Why spectrum is the lifeblood of a wireless network

WRITTEN BY Ray Sheffer FEATURED IN Industry and Company Overviews


In the last part of this series, we mentioned how wireless phones communicate with cell towers on a frequency band. The band is called a spectrum. It’s the most valuable resource for a wireless company. Since spectrums are a finite resource, they’re allocated by the government.

Recently, the FCC (Federal Communications Commission) managed the AWS-3 spectrum auction. We discussed this in Verizon and AT&T are interested in the AWS-3 spectrum auction.

Why spectrum is the lifeblood of a wireless network

Key characteristics

Spectrums are defined by frequencies. Frequencies are measured in gigahertz, or GHz. The quality of wireless signals is affected by these frequencies. Low-frequency spectrums let wireless signals travel long distances. As a result, they provide excellent network coverage even in rural areas. They provide better in-building penetration in urban areas.

High-frequency spectrums make wireless signals travel shorter distances. They carry significant amounts of data. This helps telecom companies cope with increasing network traffic. Therefore, spectrums with frequencies less than 1 GHz are often called coverage spectrums. Spectrums with frequencies above 1 GHz are called capacity spectrums.
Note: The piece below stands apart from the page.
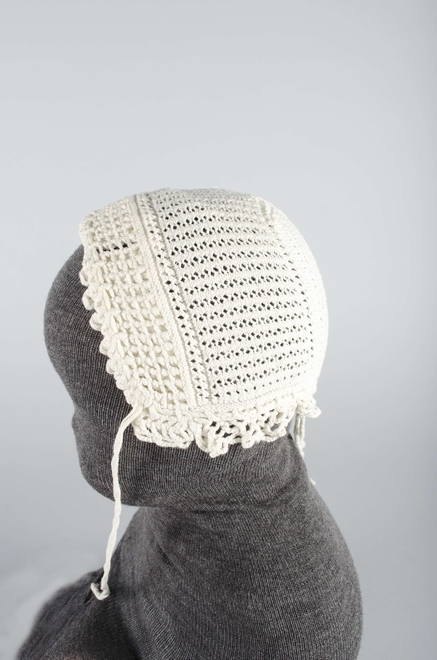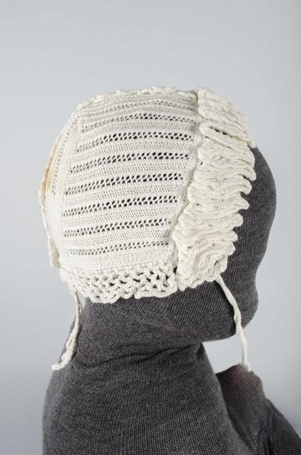 Wit katoenen mutsje van haakwerk met opstaande 'hane...

Apart from the propagation qualities, the costs associated with spectrums of different frequencies also vary. In coverage spectrums, telecom companies require fewer cell towers to set up the network than in higher frequency capacity spectrums. So, the cost of setting up a network in a coverage spectrum is lower than in capacity spectrums.

US telecom companies’ holdings

In the US, spectrums can be divided into three bands—low, medium, and high frequency. As you can see in the above graph, Sprint (S) has the largest spectrum holding—particularly in the high-frequency capacity spectrum. It’s followed by the other national carriers—AT&T (T), Verizon (VZ), and T-Mobile (TMUS). Among the regional carriers, U.S. Cellular (USM) has a significant spectrum holding.

In the low-frequency coverage spectrum Verizon and AT&T dominate the market. They have collective market shares of 73%. Combined, Sprint and T-Mobile hold a 15% share. This spectrum is critical for network coverage in urban and rural areas. In the US, Verizon and AT&T’s land coverage is 52% and 48% in 4G services. As of June 2014, Sprint and T-Mobile’s land coverage was only 12% and 9%.